Table 1. Demographical characteristics of the no-forgetting patient group (NF), the patients with rapid forgetting (RF), the patients with accelerated long-term forgetting (ALF), and the healthy controls, and lesion characteristics and neuropsychological tests scores of the patient sub-groups

Education level is expressed as 7 categories, based on the Dutch educational system (Duits & Kessels, Reference Duits, Kessels, Hendriks, Kessels, Gorissen, Schmand and Duits2014) that is comparable with the International Standard Classification of Education (UNESCO, 2011). The estimated years of education for comparison with the Anglo-Saxon educational system are presented for descriptive purposes (cf. Hohstenbach et al., Reference Hochstenbach, Mulder, van Limbeek, Donders and Schoonderwaldt1998); HADS: Hospital Anxiety and Depression Scale (Zigmund & Snaith, Reference Zigmond and Snaith1983); NART: National Adult Reading Test (Dutch version; Schmand, Lindeboom, & Van Harskamp, Reference Schmand, Lindeboom and Van Harskamp1992).

Figure 2. Lesion overlap map per subgroup, left is depicted on the left, coordinates are in MNI space, a) no-forgetting patient group (NF), b) the patients with rapid forgetting (RF), the patients with accelerated long-term forgetting (ALF).

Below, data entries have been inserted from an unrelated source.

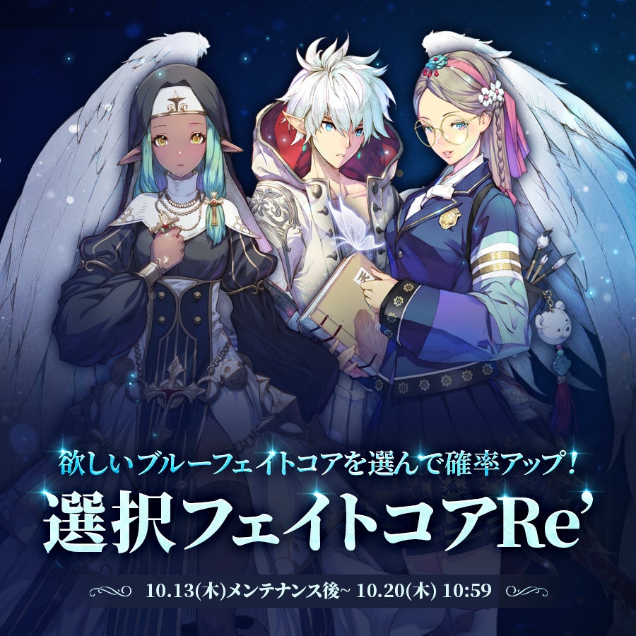 開催期間中は「王位継承者_レイケル」を始め「火山のように情熱的な_トップアーキ」、「ブラックムーン_バラカ」など13体のブルーフェイトコアの内、選択した1体のフェイトコアが通常より高い確率で英雄本体とフェイトコアを一緒に獲得することができます。まだゲットできていないフェイトコアに出会えるチャンスをお見逃しなく!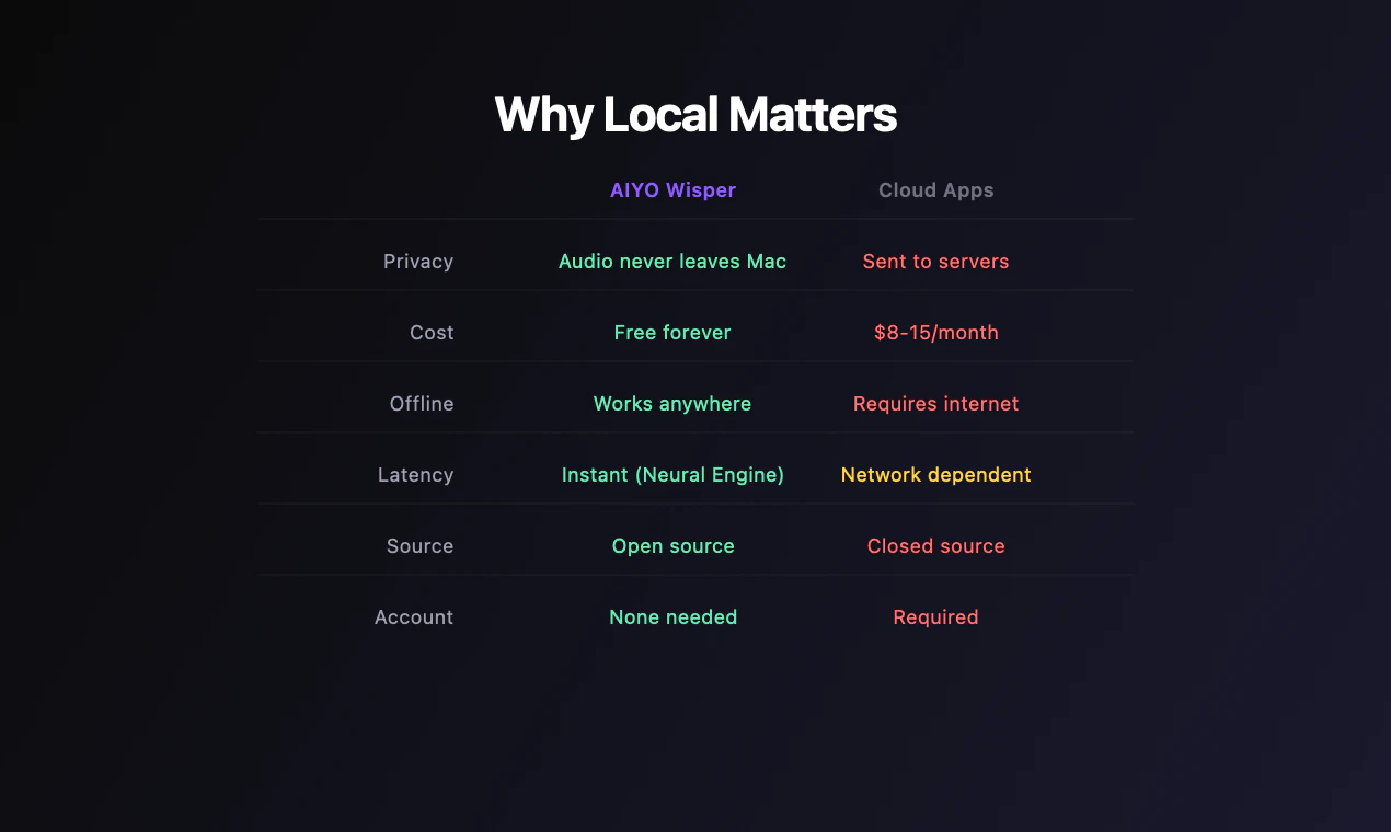 Hold a hotkey, speak, text appears at cursor. AIYO Wisper runs 100% on your Mac using Apple's Neu...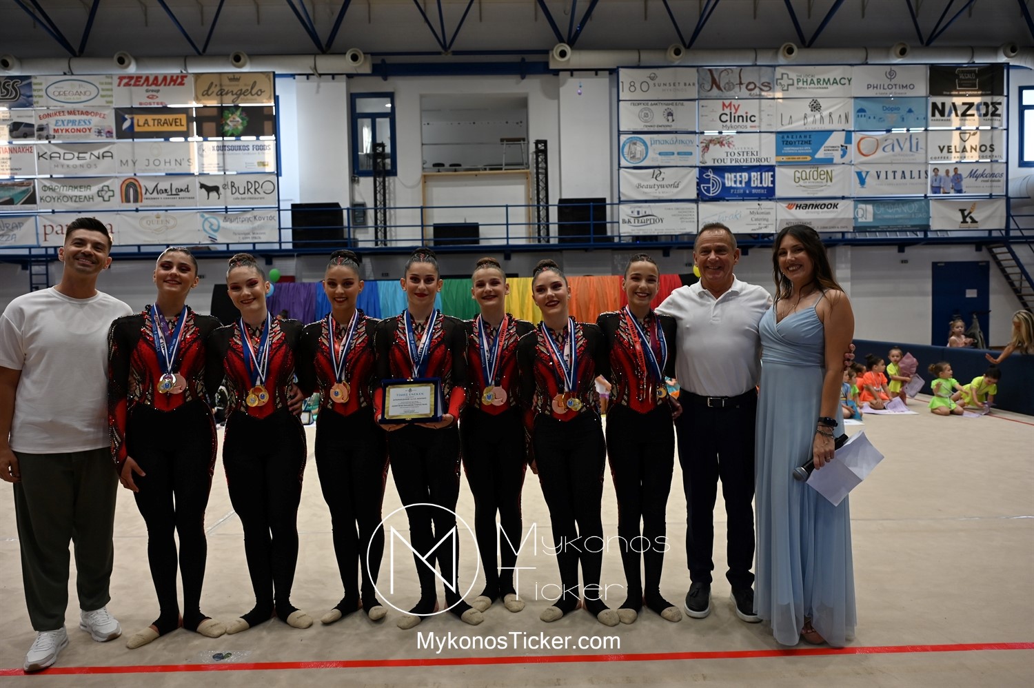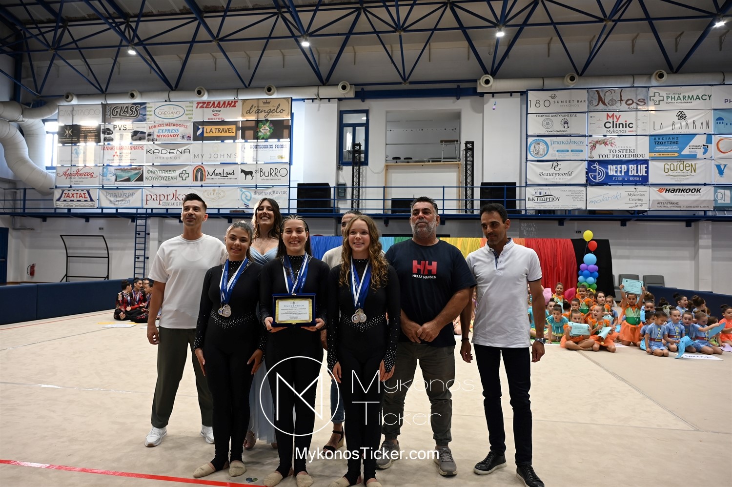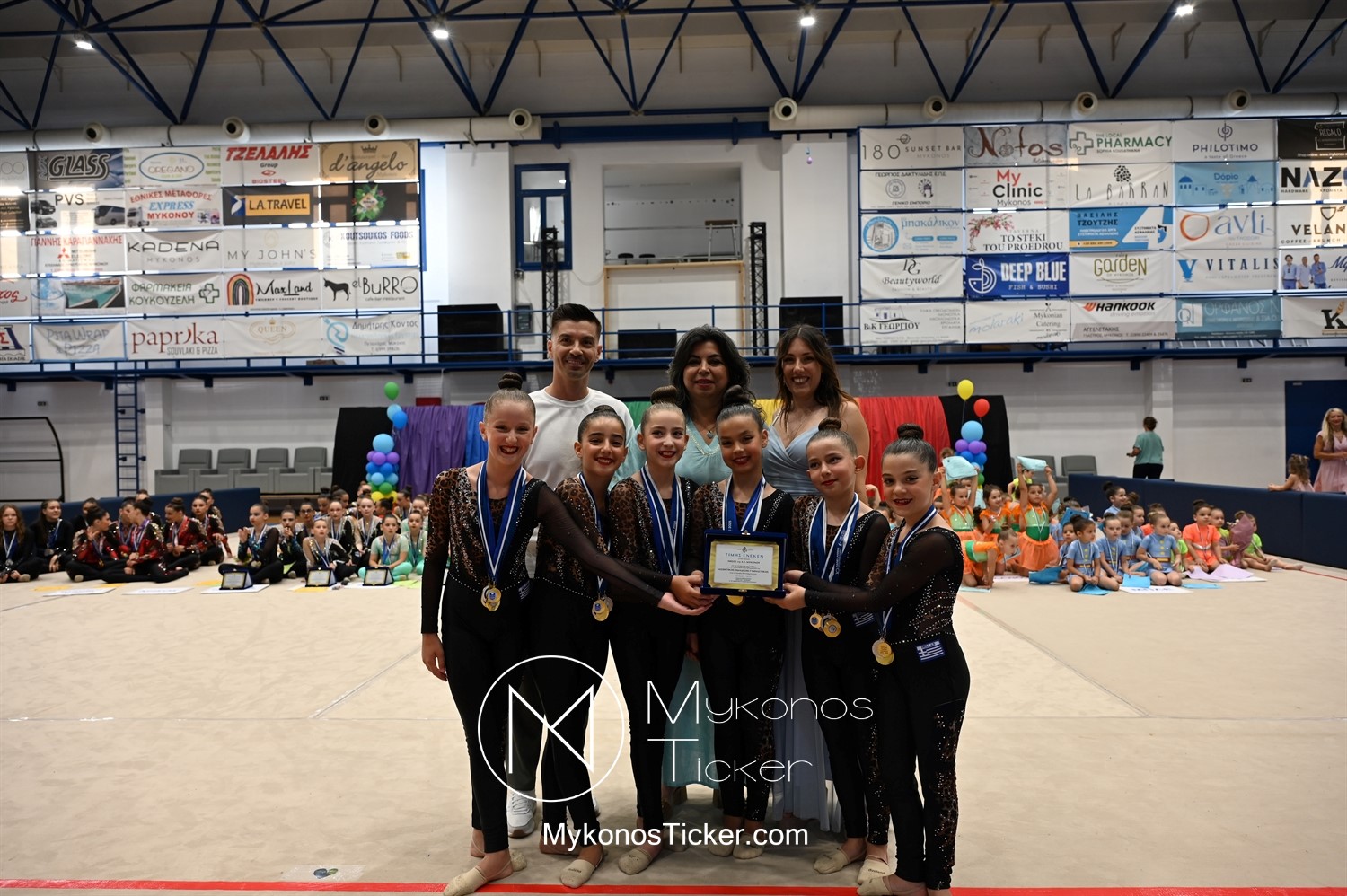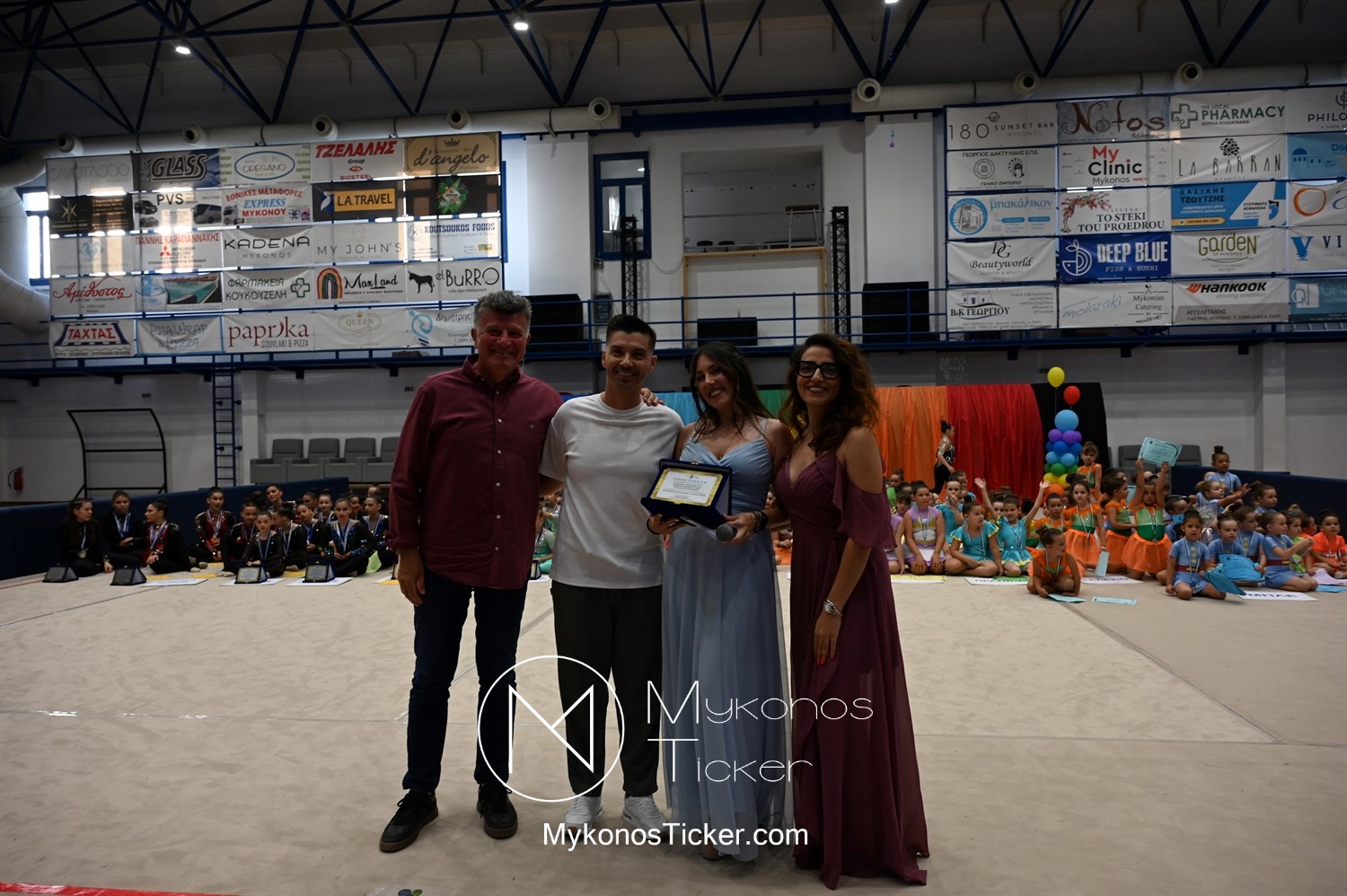 Ο Δήμος Μυκόνου τίμησε τις αθλήτριες και τους προπονητές της Αισθητικής Ομαδικής Γυμναστικής της Α.Ε. Μυκόνου, με παγκόσμιες, διεθνείς και πανελλήνιες διακρίσεις, απονέμοντάς τους συμβολικά τιμητική πλακέτα, σε μία ειδική τελετή στο πλαίσιο της εντυπωσιακής, ετήσιας επίδειξης ρυθμικής γυμναστικής με θέμα «Ταξίδι στον κόσμο των παραμυθιών», στο κλειστό Γήπεδο Μπάσκετ «Π. Χανιώτης» που κατακλύσθηκε με ρυθμό, μουσική, χρώματα και μια σειρά από υπέροχες και πρωτότυπες χορογραφίες ρυθμικής γυμναστικής με μπάλες, στεφάνια, σχοινάκια και κορδέλες, αναδεικνύοντας τη σημασία της χορευτικής παιδείας και της καλλιτεχνικής έκφρασης.

Figure 3. Recognition accuracy (means ± standard errors of the mean) immediately after the encoding phase (T1), after 20–30 min (T2) and after one week (T3) for the no-forgetting patient group (NF), the patients with rapid forgetting (RF), the patients with accelerated long-term forgetting (ALF), and the healthy controls.

Confidence Ratings

For mean confidence scores, independent of accuracy, a significant main effect of time of measurement was found [F(1.62, 278.8) = 34.6, p < .001, η p 2 = .167]. Pairwise comparisons showed that mean confidence scores decreased from T1 to T2 (p = .002), from T1 to T3 (p < .001), and from T2 to T3 (p < .001). A significant main effect for group was found [F(3, 172) = 7.1, p < .001, η p 2 = .110]. Healthy controls were more confident than NF patients (p = .002), RF patients (p = .023), and ALF patients (p = .027). No significant differences in confident ratings were found between the three subtypes of patients. No significant time by group interaction effect was found [F(1, 174) = .02, p = .885, η p 2= .000].

Analysis of the slopes (see Figure 4), indicating the difference in confidence per correct versus incorrect responses, showed a significant main effect of time of measurement [F(2, 304) = 6.64, p = .002, η p 2 = .283]. Pairwise comparisons showed that the slopes at T3 significantly differed from those at T1 (p = .010) and T2 (p = .003), whereas there was no difference between those at T1 and T2. At T3, the difference in confidence scores between correct and incorrect responses was smaller than at T1 and T2. Neither a main effect of group [F(3, 152) = 1.77, p = .156, η p 2 = .034] nor an interaction effect of time of measurement by group was found [F(6, 304) = .56, p = .764, η p 2= .011].

Figure 4. Mean confidence ratings (± standard deviations) for the controls, the no-forgetting patients (NF), the patients showing rapid forgetting (RF) and those showing accelerated long-term forgetting (ALF) patients immediately after the encoding phase (T1), after 20–30 min (T2) and after one week (T3). The slope of each line reflects an increase in confidence based on correct versus incorrect responding.

DISCUSSION

In this study, we evaluated the prevalence of ALF after stroke in comparison to the prevalence of RF and normal forgetting (relative to stroke-free controls). Furthermore, we investigated the effect of a longer delay on meta-cognitive confidence for these participants groups, using a visual recognition memory paradigm.

We demonstrated that ALF is present in a moderate amount of stroke patients. With 17% of the patients showing abnormal forgetting after a one-week delay without showing deviating scores on the standard delay, ALF appears to be even more prevalent in our stroke sample than RF shown already after a 20–30 min delay (which was the case in 13% of the patients). Adding a one-week delayed measurement may thus potentially be valuable for the identification of patients with memory decrement that are missed in standard clinical practice where a 20–30 min delay is the default. At group level, we did not find any significant differences in forgetting rates between stroke patients and controls. This is in line with previous findings on verbal recognition (as opposed to recall) tasks with a prolonged delay, where no difference was found between controls and patients with TIA or minor stroke (Geurts et al., Reference Geurts, van der Werf, Kwa and Kessels2019).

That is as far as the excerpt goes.